An important step to troubleshooting the motherboard is to check all the connections it has to all other components. Disconnect and reconnect the cables both inside and out. Remove and reinstall any expansion cards. Also check to make sure there are no shorts from the motherboard to the case or any other device. Look for loose screws below the motherboard and remove any that are found.

Perhaps the most common reason for a motherboard failure are BIOS/UEFI issues. A new CPU or adapter card might not be supported by the current BIOS/UEFI, so it must be updated. Also, if the computer boots straight to the BIOS/UEFI or has an incorrect time and date, change out the CMOS battery with a fresh one to correct these problems.

To come to the conclusion that the motherboard is at fault, first test and—if necessary—replace the power supply, RAM, expansion cards, hard drive, and CPU with known good components. If the reported problem is still present, the motherboard is most likely faulty. It is common for a technician to have many components on hand to change them out, but the motherboard isn’t usually one of them. Trying to find a motherboard that is compatible with the current components can be challenging.

ESD damage can cause any number of symptoms from blue screen of death (BSOD) to random reboots. Turn off Automatic reboot on system failure in the System properties so the STOP error message and number on the BSOD can be read and researched. This often can lead to determining the likely cause of the problem.

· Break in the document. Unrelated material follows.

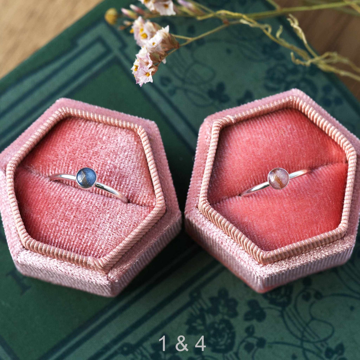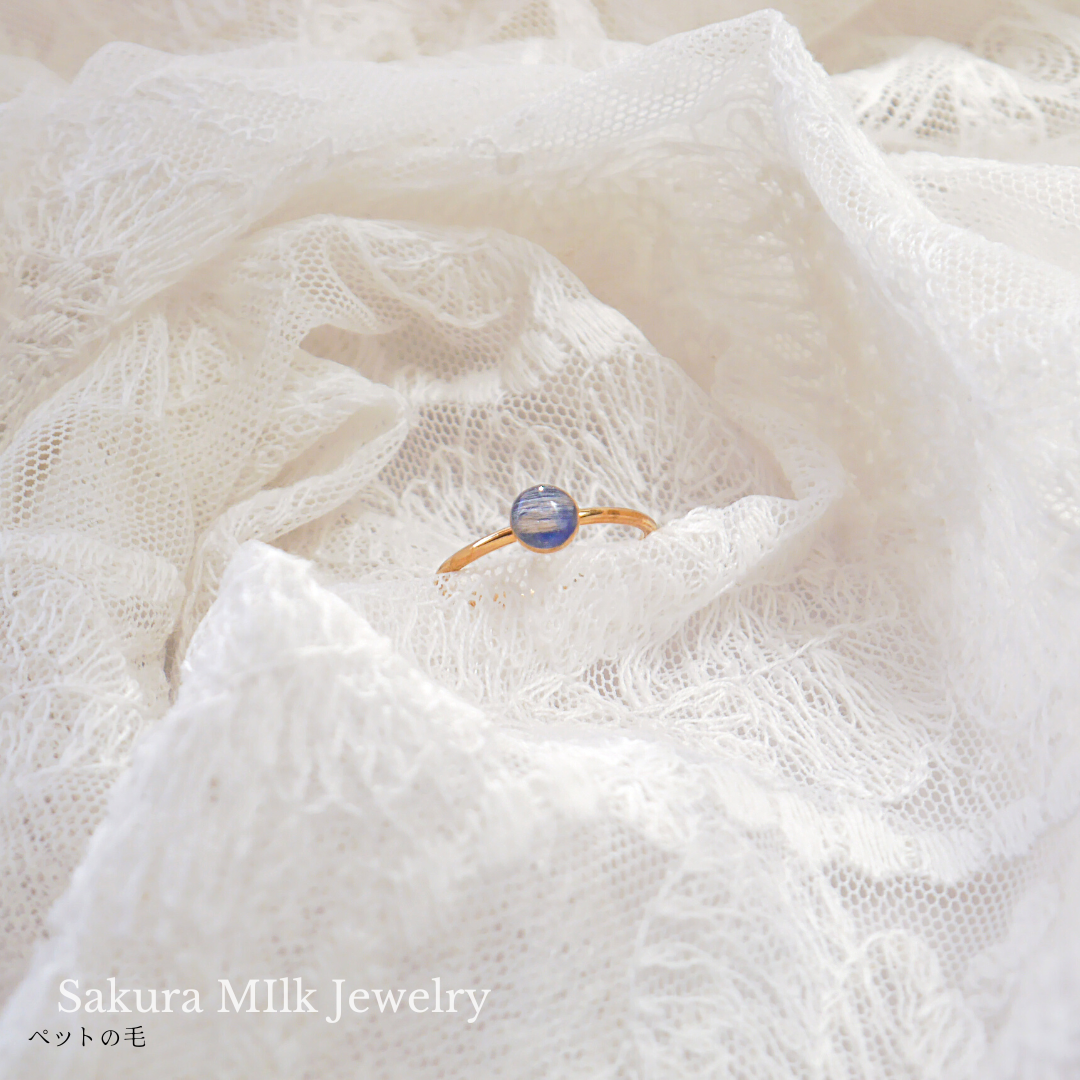 わんちゃんがお空へ旅立ち、夫と自分用にリングをオーダーしました。石の色も可愛くて、オパールも綺麗で、柔らかいヘアーが少し見えて、とてもいい記念になりました。ふわふわな思い出とともに世界中を一緒に旅できる、そんな素晴らしいリングです。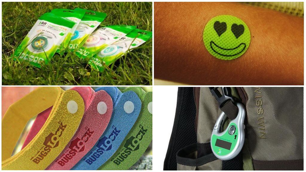 В цю групу можна віднести різноманітні брелоки, наклейки, пластирі, браслети, а також спіралі для обкурювання. Ці методи відрізняються своєю безпекою і зручністю застосування. Вивчення відгуків дозволяє зробити висновок про сумнівної ефективності такого способу захисту, як застосування брелоків і кнопок. Але їх комбінування з іншими репелентами може дати бажані результати.

Component failures on motherboards also can happen. These are rare and hard to diagnose. Check POST settings to ensure that all the devices are detected and operating correctly. Also verify that the computer is operating within the acceptable temperature range, and replace any fans that are not functioning properly. In the earlier 2000s, many motherboard manufacturers used defective capacitors. Check that there are no distended or leaking capacitors anywhere on the motherboard. These capacitors will need to be replaced by a skilled technician to fix the motherboard.

When a computer is completely unresponsive, a device failure might be preventing the POST process from completing. Without beep codes or error messages on the screen, the problem is nearly impossible to diagnose. A POST card can be used to determine where the POST process is failing. The card is inserted into an adapter slot or USB port and will display an error code that indicates what component is causing the problem.

Another tool used to troubleshoot motherboards is the loopback plug. This plug is used to check the basic functionality of the RJ45 port. To use the plug, connect it to the port and use a command window to issue a ping command to the loopback address of 127.0.0.1. If the ping is not successful, the port might be broken or TCP/IP might not be functioning correctly.

Troubleshooting RAM

Unexpected shutdowns, system lockups, continuous reboots, BSOD, and intermittent device failure are all symptoms of memory failure. This does not mean that these are the only symptoms or that they apply only to memory errors, but they are common indicators. It is easier to test the RAM than it is to test a motherboard when symptoms point to both components.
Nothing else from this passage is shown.